Ehe und Familie

„Ein echter Fortschritt“ – Pastoraltheologe Wolfgang Beck über Papstschreiben „Amoris laetitia“

Einen neuen Fokus im Umgang mit alternativen Familienmodellen macht der Pastoraltheologe Wolfgang Beck im Schreiben „Amoris laetitia“ von Papst Franziskus aus. Im Interview erklärt er, welche Bedeutung das Papstschreiben in der Praxis hat.

veröffentlicht am 20.10.2021

Papst Franziskus hat fünf Jahre nach Erscheinen von „Amoris laetitia“ ein Aktionsjahr der Familie ausgerufen. Weshalb ist die Familie in den vergangenen Jahren so stark in den Fokus der Kirche gerückt?
Häufig besteht in kirchlichen Kontexten eine romantisierende Vorstellung von Familie. Gerne wird sie als Keimzelle christlichen Lebens idealisiert. Sie wird für das Glaubensleben der Kirche als zentrale Säule gesehen. Papst Franziskus hat mit der wertschätzenden Wahrnehmung von familiären Lebensformen und Realitäten fernab dieser Idealisierung in „Amoris laetitia“ einen anderen Fokus gesetzt. Er konstruiert Familie nicht vom Idealtypus her, sondern aus der Wahrnehmung dessen, wie Menschen Familie gegenwärtig tatsächlich leben. Das ist ein echter Fortschritt.

Sieht Franziskus Ehe als Voraussetzung für Familie?
Er sieht, dass Familie mehr ist als das kirchliche Modell, und ist zugleich vom romantisierenden Familienbild des 19. Jahrhunderts und der Romantik geprägt. Ich würde es als Ambivalenz beschreiben. Beim Versuch, beides zusammenzubringen, besteht immer auch die Gefahr, bestimmte Konstellationen wie Ein-Eltern-Familien oder Patchworkfamilien als defizitär einzuordnen. Papst Franziskus hat sich in einer würdigenden Wahrnehmung und Sprache von diesen problematischen Wertungen freigemacht.

Wie hat sich das Ehe- und Familienbild der Kirche über die Jahrhunderte und Jahrtausende entwickelt?
Die Ehe beschreibt erst mal ein Zusammenleben von zwei Menschen. Biblisch sind besonders zwei ­Elemente zentral: wirtschaftliche Absicherung und die Frage der Nachkommenschaft. Beides ist heute nicht mehr im Mittelpunkt. Schon daran sieht man, dass sich auch theologisch sehr viel entwickelt hat. In der christlichen Theologie ist dann schon früh die Vorstellung entstanden, dass der Ehebund ein Abbild des Bundes Gottes mit den Menschen ist.

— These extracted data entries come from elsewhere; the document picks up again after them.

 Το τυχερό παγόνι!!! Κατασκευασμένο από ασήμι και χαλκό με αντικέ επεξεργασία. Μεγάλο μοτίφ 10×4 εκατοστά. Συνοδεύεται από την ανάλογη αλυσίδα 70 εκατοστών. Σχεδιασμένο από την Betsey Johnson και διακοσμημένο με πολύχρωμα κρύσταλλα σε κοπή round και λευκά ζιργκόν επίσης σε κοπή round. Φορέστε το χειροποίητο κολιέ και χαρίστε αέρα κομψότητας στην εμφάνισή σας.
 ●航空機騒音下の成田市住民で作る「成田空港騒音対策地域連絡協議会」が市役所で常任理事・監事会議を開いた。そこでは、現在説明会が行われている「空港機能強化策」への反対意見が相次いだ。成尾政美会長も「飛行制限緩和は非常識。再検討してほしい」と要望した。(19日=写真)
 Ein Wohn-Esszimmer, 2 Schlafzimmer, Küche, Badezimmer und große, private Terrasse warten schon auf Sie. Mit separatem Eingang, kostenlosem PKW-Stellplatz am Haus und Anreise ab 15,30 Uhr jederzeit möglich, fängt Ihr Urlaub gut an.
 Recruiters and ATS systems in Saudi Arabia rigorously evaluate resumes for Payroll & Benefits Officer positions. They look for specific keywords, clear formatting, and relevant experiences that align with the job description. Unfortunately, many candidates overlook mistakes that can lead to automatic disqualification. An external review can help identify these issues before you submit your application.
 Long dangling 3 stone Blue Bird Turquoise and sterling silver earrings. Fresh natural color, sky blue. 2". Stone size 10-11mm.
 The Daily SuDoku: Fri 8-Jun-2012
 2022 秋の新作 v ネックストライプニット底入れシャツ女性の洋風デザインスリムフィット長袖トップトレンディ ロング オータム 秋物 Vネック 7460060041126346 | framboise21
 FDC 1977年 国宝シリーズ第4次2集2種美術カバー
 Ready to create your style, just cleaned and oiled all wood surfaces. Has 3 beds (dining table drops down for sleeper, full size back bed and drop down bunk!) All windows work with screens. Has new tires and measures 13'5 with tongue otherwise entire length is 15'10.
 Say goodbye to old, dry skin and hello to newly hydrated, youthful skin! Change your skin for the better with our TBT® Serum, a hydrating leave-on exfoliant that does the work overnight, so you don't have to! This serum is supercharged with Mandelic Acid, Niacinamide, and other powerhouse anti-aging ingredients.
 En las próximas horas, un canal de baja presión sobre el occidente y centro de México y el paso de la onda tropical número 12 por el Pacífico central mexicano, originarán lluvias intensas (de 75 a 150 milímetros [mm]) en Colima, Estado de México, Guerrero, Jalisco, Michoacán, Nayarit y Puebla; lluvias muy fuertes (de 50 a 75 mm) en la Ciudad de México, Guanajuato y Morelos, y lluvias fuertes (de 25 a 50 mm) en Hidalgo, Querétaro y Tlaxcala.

Wenn das in Ansätzen gelingt, dann hat die Ehe einen Verkündigungscharakter und erzählt etwas von unserem Gottesglauben. Daher rührt eine große Wertschätzung für die Ehe.

Lassen Sie uns noch einmal in die Gegenwart schauen: Was konkret hat sich durch „Amoris laetitia“ in den vergangenen Jahren verändert?
Viele Seelsorgerinnen und Seelsorger fühlen sich mit dem Schreiben nachhaltig ermutigt, ohne Ressentiments auf Menschen mit unterschiedlichen familiären Konstellationen zuzugehen. So sichert „Amoris laetitia“ eine seelsorgerische und pastorale Praxis ab, die sich nicht von den Idealkonstruktionen her entwirft, sondern von der konkreten Situation her. Und das hat seinen Niederschlag in ganz vielen Detailbegegnungen. In jedem Erstkommunionkurs haben Sie mit einer ganzen Fülle von familiären Konstellationen zu tun. Dort lässt sich entdecken, in welchen Zusammenhängen Menschen ­leben und welche Geschichten damit verbunden sind. Wir ­sollten nicht vorschnell vom Scheitern von Lebensentwürfen sprechen, sondern offen dafür sein, dass Menschen auf ihrer Suche nach einem erfüllten Leben ganz unterschiedliche Wege gehen. Darin lässt sich Theologie noch einmal neu entdecken.

Wolfgang Beck ist Junior-Professor an der Philosophisch-Theologischen Hochschule Frankfurt-Sankt Georgen und vertritt seit 2015 den dortigen Lehrstuhl für Pastoraltheologie und Homiletik. 2002 wurde er zum Priester geweiht. Er spricht seit 2011 regelmäßig das „Wort zum Sonntag“ der ARD.